--- Records supplied Enclosed Below ---

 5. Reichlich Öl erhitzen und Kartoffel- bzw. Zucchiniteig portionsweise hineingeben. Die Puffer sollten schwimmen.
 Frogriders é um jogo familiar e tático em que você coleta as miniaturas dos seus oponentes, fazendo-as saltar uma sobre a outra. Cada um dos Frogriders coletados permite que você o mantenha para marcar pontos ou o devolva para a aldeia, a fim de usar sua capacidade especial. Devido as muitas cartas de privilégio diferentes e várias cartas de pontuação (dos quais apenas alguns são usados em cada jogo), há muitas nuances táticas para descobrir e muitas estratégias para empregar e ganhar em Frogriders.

--- End of Enclosed Records supplied ---
--- Records supplied Enclosed Below ---

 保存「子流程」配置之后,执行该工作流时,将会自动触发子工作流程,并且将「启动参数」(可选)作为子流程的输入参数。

--- End of Enclosed Records supplied ---

Please return the lines above that run from the line containing "5. Reichlich Öl" to the line containing "Frogriders é um", inclusive, exactly and with no other lines.

 5. Reichlich Öl erhitzen und Kartoffel- bzw. Zucchiniteig portionsweise hineingeben. Die Puffer sollten schwimmen.
 Frogriders é um jogo familiar e tático em que você coleta as miniaturas dos seus oponentes, fazendo-as saltar uma sobre a outra. Cada um dos Frogriders coletados permite que você o mantenha para marcar pontos ou o devolva para a aldeia, a fim de usar sua capacidade especial. Devido as muitas cartas de privilégio diferentes e várias cartas de pontuação (dos quais apenas alguns são usados em cada jogo), há muitas nuances táticas para descobrir e muitas estratégias para empregar e ganhar em Frogriders.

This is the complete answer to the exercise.